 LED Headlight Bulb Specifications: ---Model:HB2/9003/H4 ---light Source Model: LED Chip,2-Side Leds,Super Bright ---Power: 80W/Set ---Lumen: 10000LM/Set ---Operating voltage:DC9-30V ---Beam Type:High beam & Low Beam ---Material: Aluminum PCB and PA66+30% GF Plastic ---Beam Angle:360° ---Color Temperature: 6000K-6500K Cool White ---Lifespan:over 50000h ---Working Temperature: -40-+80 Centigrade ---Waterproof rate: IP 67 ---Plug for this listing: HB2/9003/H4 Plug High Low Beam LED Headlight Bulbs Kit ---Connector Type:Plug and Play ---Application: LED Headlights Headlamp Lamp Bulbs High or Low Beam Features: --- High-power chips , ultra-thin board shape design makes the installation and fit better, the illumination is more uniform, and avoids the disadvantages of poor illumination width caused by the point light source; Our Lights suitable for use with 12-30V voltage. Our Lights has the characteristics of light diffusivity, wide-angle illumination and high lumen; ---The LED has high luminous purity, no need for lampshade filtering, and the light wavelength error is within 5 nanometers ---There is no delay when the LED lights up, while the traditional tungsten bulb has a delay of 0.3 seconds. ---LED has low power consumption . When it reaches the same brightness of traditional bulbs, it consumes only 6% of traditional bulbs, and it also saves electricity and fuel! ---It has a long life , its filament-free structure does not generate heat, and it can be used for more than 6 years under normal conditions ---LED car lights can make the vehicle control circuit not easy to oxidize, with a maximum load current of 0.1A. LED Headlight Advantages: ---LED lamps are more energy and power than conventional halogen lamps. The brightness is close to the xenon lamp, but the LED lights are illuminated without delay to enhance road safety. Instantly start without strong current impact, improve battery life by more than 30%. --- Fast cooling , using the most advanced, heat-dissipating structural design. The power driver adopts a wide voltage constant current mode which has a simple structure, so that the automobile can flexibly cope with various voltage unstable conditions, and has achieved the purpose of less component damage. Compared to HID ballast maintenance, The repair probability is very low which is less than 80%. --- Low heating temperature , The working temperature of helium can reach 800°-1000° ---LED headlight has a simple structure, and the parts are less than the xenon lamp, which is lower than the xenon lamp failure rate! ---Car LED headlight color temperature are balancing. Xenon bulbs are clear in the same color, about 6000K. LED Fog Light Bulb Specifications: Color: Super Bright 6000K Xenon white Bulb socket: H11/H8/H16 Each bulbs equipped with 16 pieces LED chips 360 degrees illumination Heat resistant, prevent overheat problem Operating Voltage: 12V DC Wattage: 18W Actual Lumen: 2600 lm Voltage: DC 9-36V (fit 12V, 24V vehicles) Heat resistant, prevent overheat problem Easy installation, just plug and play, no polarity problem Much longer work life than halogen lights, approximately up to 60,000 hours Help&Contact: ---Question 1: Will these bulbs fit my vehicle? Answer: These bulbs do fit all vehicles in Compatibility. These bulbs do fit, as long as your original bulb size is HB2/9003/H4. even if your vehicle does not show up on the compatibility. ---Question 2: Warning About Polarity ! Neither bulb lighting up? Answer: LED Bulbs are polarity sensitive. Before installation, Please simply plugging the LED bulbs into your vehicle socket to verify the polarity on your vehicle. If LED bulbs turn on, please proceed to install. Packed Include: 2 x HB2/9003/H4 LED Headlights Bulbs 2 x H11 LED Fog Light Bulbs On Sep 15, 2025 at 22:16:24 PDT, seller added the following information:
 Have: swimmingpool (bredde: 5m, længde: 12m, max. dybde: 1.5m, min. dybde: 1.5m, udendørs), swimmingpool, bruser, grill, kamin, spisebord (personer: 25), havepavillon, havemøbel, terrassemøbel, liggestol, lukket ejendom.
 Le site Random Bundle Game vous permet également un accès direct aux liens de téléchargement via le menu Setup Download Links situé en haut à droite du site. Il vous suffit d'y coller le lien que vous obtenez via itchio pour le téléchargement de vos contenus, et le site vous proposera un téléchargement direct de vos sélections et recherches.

☆ ☆ ☆ ☆ ☆

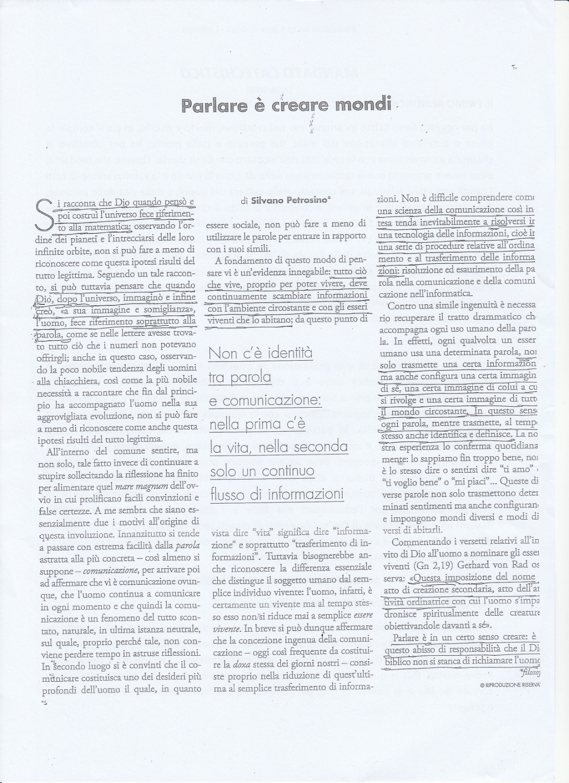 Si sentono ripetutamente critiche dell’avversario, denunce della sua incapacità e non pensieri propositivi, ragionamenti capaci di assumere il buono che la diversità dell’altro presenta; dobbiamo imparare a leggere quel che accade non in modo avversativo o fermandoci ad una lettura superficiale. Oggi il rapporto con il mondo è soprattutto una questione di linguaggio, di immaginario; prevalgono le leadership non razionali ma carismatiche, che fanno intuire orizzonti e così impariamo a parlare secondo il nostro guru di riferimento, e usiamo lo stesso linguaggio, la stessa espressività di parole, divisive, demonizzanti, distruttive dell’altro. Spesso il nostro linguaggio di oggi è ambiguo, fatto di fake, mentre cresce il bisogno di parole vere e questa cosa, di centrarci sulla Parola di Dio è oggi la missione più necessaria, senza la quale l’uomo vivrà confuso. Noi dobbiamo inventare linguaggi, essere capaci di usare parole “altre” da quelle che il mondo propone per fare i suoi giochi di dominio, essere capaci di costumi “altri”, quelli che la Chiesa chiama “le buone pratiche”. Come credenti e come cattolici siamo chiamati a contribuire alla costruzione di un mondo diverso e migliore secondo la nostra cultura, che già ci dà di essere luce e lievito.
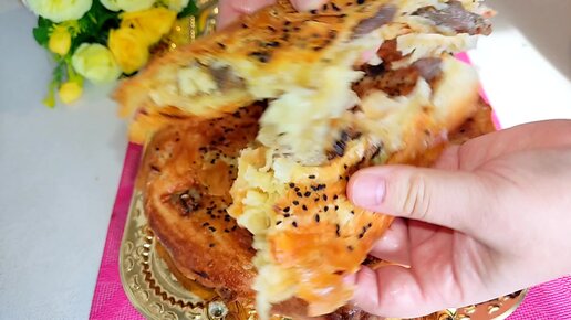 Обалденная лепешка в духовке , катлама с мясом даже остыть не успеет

☆ ☆ ☆ ☆ ☆

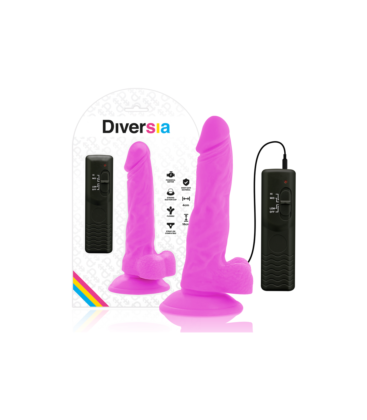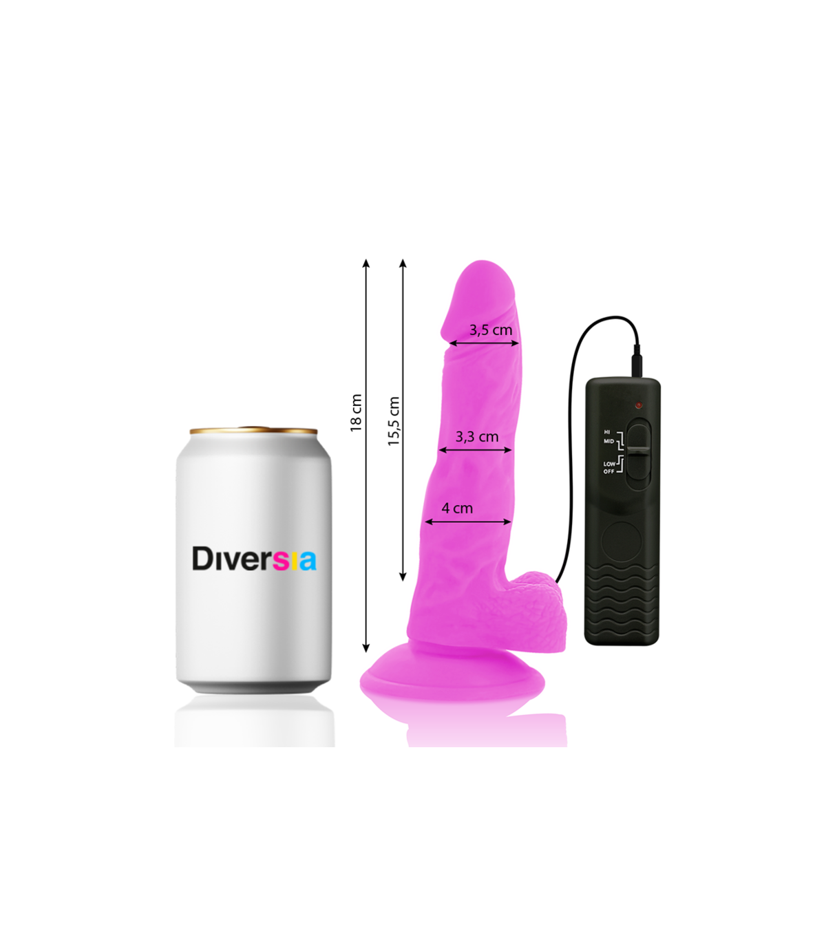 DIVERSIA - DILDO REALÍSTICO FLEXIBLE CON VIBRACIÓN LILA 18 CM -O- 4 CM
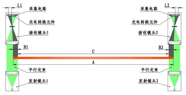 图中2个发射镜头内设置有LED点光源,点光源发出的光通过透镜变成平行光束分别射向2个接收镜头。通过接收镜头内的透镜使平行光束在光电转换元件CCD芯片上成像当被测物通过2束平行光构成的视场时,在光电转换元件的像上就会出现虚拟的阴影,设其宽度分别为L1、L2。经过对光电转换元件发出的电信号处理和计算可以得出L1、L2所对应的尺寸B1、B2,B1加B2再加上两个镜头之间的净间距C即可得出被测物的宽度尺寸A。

☆ ☆ ☆ ☆ ☆

ACTIVITY: Which lines above run from the one containing "Have: swimmingpool (bredde: 5m, længde: 12m, max." down to the one containing "Le site Random"? Repeat exactly those, both ends included, and nothing else.

SOLUTION TO THE PROBLEM:
 Have: swimmingpool (bredde: 5m, længde: 12m, max. dybde: 1.5m, min. dybde: 1.5m, udendørs), swimmingpool, bruser, grill, kamin, spisebord (personer: 25), havepavillon, havemøbel, terrassemøbel, liggestol, lukket ejendom.
 Le site Random Bundle Game vous permet également un accès direct aux liens de téléchargement via le menu Setup Download Links situé en haut à droite du site. Il vous suffit d'y coller le lien que vous obtenez via itchio pour le téléchargement de vos contenus, et le site vous proposera un téléchargement direct de vos sélections et recherches.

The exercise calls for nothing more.